- EXERCISE GOAL
Copy the entries below exactly. Images do not belong in the copy.
*** LISTED RECORDS Section Begins ***
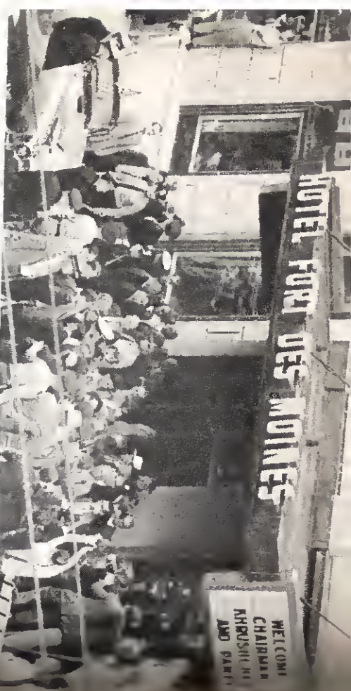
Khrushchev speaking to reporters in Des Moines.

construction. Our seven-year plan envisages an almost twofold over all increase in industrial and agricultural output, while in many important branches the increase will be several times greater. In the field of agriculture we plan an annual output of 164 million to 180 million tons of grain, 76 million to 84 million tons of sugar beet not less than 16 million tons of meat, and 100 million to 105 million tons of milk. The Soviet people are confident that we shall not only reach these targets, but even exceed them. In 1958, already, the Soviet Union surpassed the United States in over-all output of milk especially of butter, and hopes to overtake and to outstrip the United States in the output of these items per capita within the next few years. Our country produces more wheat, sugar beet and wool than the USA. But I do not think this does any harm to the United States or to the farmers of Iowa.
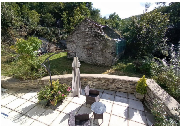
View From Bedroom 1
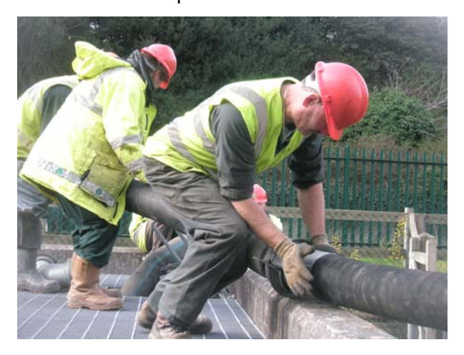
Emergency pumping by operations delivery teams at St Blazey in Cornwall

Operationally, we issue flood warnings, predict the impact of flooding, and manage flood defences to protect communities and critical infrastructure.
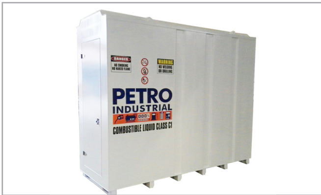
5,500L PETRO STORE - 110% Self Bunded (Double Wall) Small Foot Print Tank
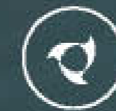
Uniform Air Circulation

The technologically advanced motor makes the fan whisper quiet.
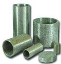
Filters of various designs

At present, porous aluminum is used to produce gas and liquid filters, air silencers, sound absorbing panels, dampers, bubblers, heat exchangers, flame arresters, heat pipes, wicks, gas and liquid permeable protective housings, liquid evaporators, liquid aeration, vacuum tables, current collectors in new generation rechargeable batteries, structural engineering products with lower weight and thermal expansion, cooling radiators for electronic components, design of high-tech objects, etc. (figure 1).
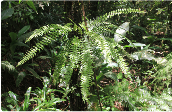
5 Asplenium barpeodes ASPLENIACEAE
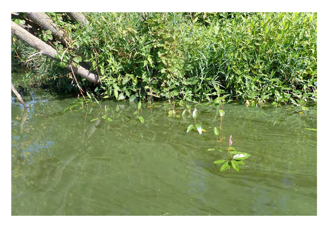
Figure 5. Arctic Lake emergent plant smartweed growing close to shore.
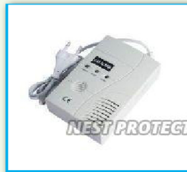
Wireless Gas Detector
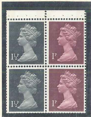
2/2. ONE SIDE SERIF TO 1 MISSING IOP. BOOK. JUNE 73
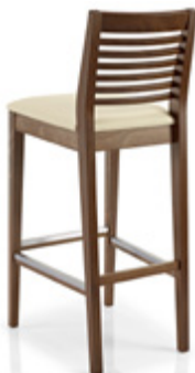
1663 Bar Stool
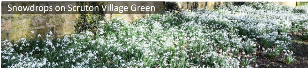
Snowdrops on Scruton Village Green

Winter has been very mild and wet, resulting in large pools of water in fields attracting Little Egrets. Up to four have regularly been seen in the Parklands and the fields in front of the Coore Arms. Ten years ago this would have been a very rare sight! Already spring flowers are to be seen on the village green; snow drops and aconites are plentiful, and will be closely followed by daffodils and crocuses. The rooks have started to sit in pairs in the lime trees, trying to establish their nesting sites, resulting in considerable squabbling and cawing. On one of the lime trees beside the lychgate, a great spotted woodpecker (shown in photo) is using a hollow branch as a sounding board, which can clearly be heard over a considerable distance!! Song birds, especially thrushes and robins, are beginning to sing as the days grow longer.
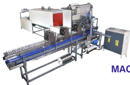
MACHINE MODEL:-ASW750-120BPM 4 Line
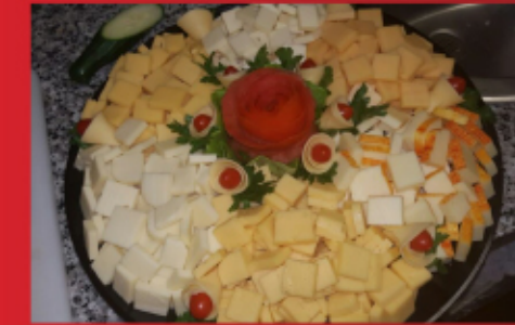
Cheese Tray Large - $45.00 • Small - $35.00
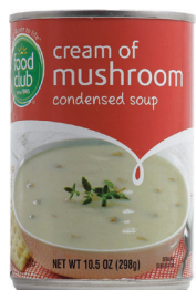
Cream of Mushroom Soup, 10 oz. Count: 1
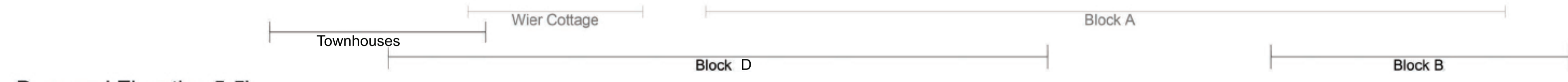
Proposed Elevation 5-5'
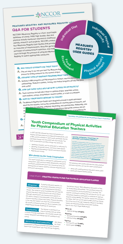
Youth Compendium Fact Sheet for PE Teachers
*** LISTED RECORDS Section Ends ***
- WRITTEN RESPONSE
Khrushchev speaking to reporters in Des Moines.

construction. Our seven-year plan envisages an almost twofold over all increase in industrial and agricultural output, while in many important branches the increase will be several times greater. In the field of agriculture we plan an annual output of 164 million to 180 million tons of grain, 76 million to 84 million tons of sugar beet not less than 16 million tons of meat, and 100 million to 105 million tons of milk. The Soviet people are confident that we shall not only reach these targets, but even exceed them. In 1958, already, the Soviet Union surpassed the United States in over-all output of milk especially of butter, and hopes to overtake and to outstrip the United States in the output of these items per capita within the next few years. Our country produces more wheat, sugar beet and wool than the USA. But I do not think this does any harm to the United States or to the farmers of Iowa.
View From Bedroom 1
Emergency pumping by operations delivery teams at St Blazey in Cornwall

Operationally, we issue flood warnings, predict the impact of flooding, and manage flood defences to protect communities and critical infrastructure.
5,500L PETRO STORE - 110% Self Bunded (Double Wall) Small Foot Print Tank
Uniform Air Circulation

The technologically advanced motor makes the fan whisper quiet.
Filters of various designs

At present, porous aluminum is used to produce gas and liquid filters, air silencers, sound absorbing panels, dampers, bubblers, heat exchangers, flame arresters, heat pipes, wicks, gas and liquid permeable protective housings, liquid evaporators, liquid aeration, vacuum tables, current collectors in new generation rechargeable batteries, structural engineering products with lower weight and thermal expansion, cooling radiators for electronic components, design of high-tech objects, etc. (figure 1).
5 Asplenium barpeodes ASPLENIACEAE
Figure 5. Arctic Lake emergent plant smartweed growing close to shore.
Wireless Gas Detector
2/2. ONE SIDE SERIF TO 1 MISSING IOP. BOOK. JUNE 73
1663 Bar Stool
Snowdrops on Scruton Village Green

Winter has been very mild and wet, resulting in large pools of water in fields attracting Little Egrets. Up to four have regularly been seen in the Parklands and the fields in front of the Coore Arms. Ten years ago this would have been a very rare sight! Already spring flowers are to be seen on the village green; snow drops and aconites are plentiful, and will be closely followed by daffodils and crocuses. The rooks have started to sit in pairs in the lime trees, trying to establish their nesting sites, resulting in considerable squabbling and cawing. On one of the lime trees beside the lychgate, a great spotted woodpecker (shown in photo) is using a hollow branch as a sounding board, which can clearly be heard over a considerable distance!! Song birds, especially thrushes and robins, are beginning to sing as the days grow longer.
MACHINE MODEL:-ASW750-120BPM 4 Line
Cheese Tray Large - $45.00 • Small - $35.00
Cream of Mushroom Soup, 10 oz. Count: 1
Proposed Elevation 5-5'
Youth Compendium Fact Sheet for PE Teachers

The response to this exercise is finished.